Saturday, September 2, 2017

Remembering Brian Epstein

Current events kept me from commenting on this event in Beatles history on anniversary of the day, but it was fifty years ago this past Sunday (August 27) that Brian Epstein, the Beatles' legendary manager, died of an accidental drug overdose.
The son and grandson of department store owners in Liverpool, Brian Epstein had been the Beatles' older-brother figure, a manager who took care of their needs and always gave them an honest deal.  An introvert in an outgoing Jewish family (and also a closeted homosexual at a time when his sexual orientation was illegal in Britain), he discovered his talent for promotion and for presentation when he took over the management of the record store his family opened in central Liverpool.  His customers' interest in a record the Beatles had made in Germany was what brought the group to his attention.
Epstein wasn't an ethically dubious man like most pop impresarios, and he knew that the Beatles had talent when he discovered them in 1961, and he could see their ability to make it to the top at a time when electric-guitar music was in decline (as it is today).  His refined manner and polished demeanor would make him as much a celebrity as the Beatles themselves, and he also guided other Liverpool acts - Gerry and the Pacemakers, Billy J. Kramer, and Cilla Black - to stardom.  But the Beatles remained his biggest success and his most personal concern.
In the last year of his life, Epstein  had little to handle for the Beatles once they stopped touring, and he fell into a depression.  Many people still say he committed suicide, but there are two facts that dispel that theory. First, his father had died in July 1967, and he would not have burdened his mother with another family death by deliberately killing himself.  Second, though he had been in a bad mood for much of the summer of 1967, the near end of the season found him in good spirits.  He was already looking forward to life beyond the Fab Four after having failed to convince them to continue annual concert tours (although there was talk of a one-night-only Beatles concert in New York to promote Sgt. Pepper, with backing from the New York Philharmonic Orchestra under Leonard Bernstein's direction).

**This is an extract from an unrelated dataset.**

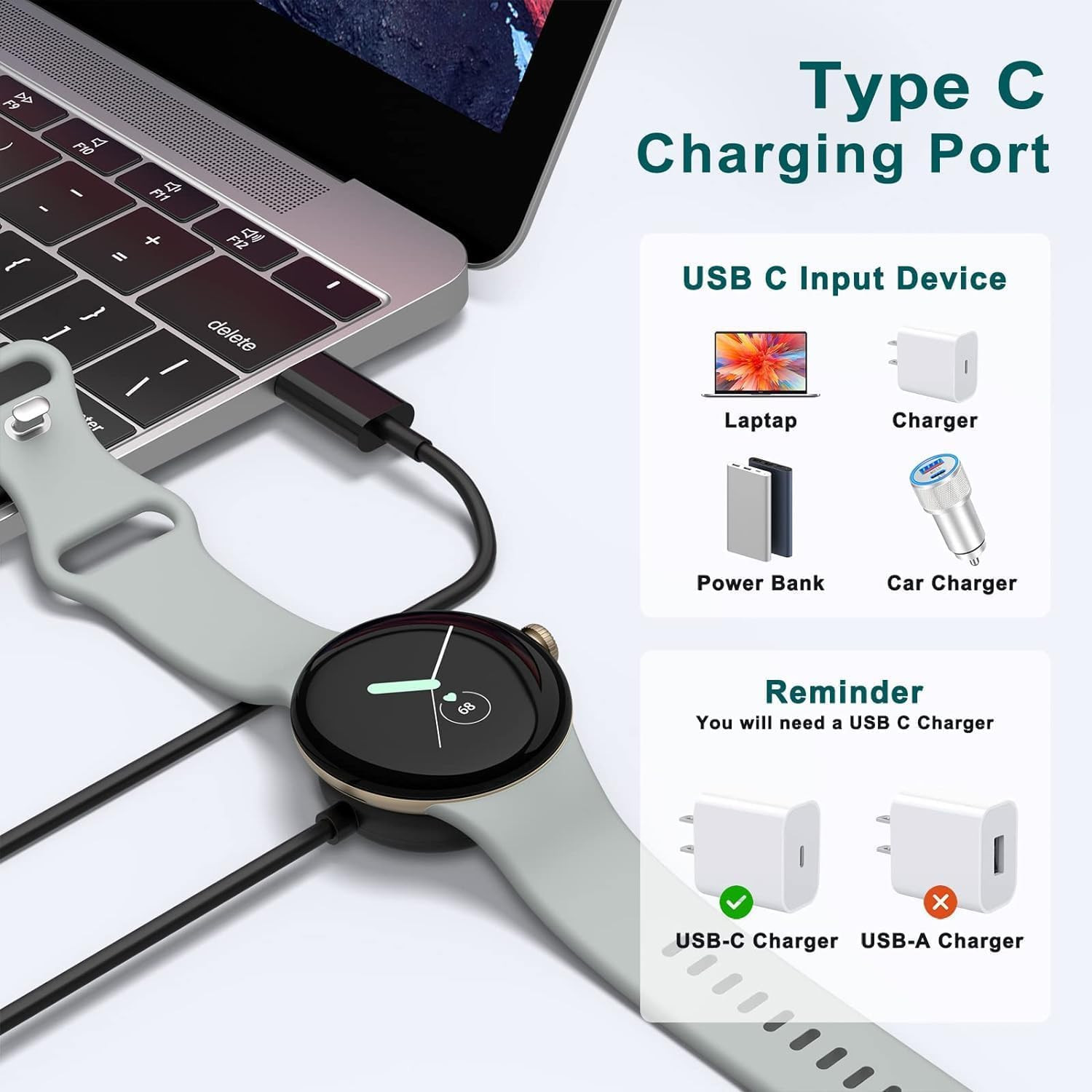 Charger for Google Pixel Watch 3 Fast Charge Cable Replacement Type-C USB Magnet

Epstein had planned to travel to the United States and spend the month of September 1967 in New York and Los Angeles (and celebrate his thirty-third birthday in the States on the 19th).  I have been led to understand (but I can't say for sure if this is true) that he was planning to get involved in a stage production in New York.  He'd already been a successful show producer in London, having owned and operated the Saville Theatre there.  The plan was to arrive in New York, where he was to confer with his American business associate Nat Weiss, and look for apartment in the city; he was due to arrive in New York on Saturday, September 2, at the start of the American Labor Day holiday.  Ironically, he died during the British summer bank holiday the previous weekend; after failing to find any diversions at his country house in Sussex, he returned to London and - despite his ongoing battle with drug addiction - he took some sleeping pills to overcome an apparent bout of insomnia.  He took too many, and he died in his sleep.

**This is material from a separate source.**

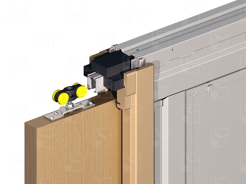 Kit caisson pour porte bois simple entre cloisons, porte 930 X 2040. Capacité/porte : 80 kg max. Epaisseur : 40 mm max. Voir notice commerciale.

The Beatles remain Brian Epstein's legacy.  Sadly, his influence did not extend to pop management itself.  A rarity among music moguls, Brian Epstein was a man who always honored a deal - the Beatles had to play shows for a pittance well into the earliest stages of Beatlemania because the deals had been made before they became famous, and Epstein thought it was unethical to renegotiate deals with promoters for more money - and he was more comfortable with a handshake than a signed document to seal a deal.  He also took care of all his artists and groomed them for success - it was he who got the Beatles to wear suits - and he never exploited any of them the way Colonel Tom Parker exploited Elvis Presley.  But Epstein was a minnow in a pool of sharks.  He could never have competed with the likes of Allen Klein or David Geffen; he was just too damn honest, and he was too much of a gentleman to play hardball.

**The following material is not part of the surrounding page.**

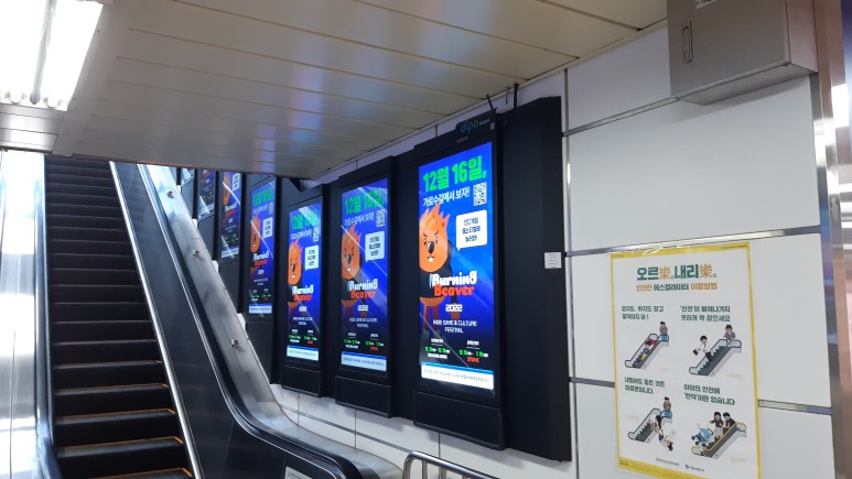 3일차때 알았지만 신사역에 버닝비버 광고가 나오더군요! 타이밍에 맞춰서 찍었습니다.

Had Epstein lived (he would have turned 83 this year), the Beatles might have stayed together for some time into the 1970s, and the financial disputes that tore them apart might have been averted.  For all of the independence the Beatles exhibited in Epstein's last year on this earth, making him look like a manager in name only, the foursome needed him more than he needed them.  After being told that Brian had died, John Lennon thought to himself, "We're f--ked now."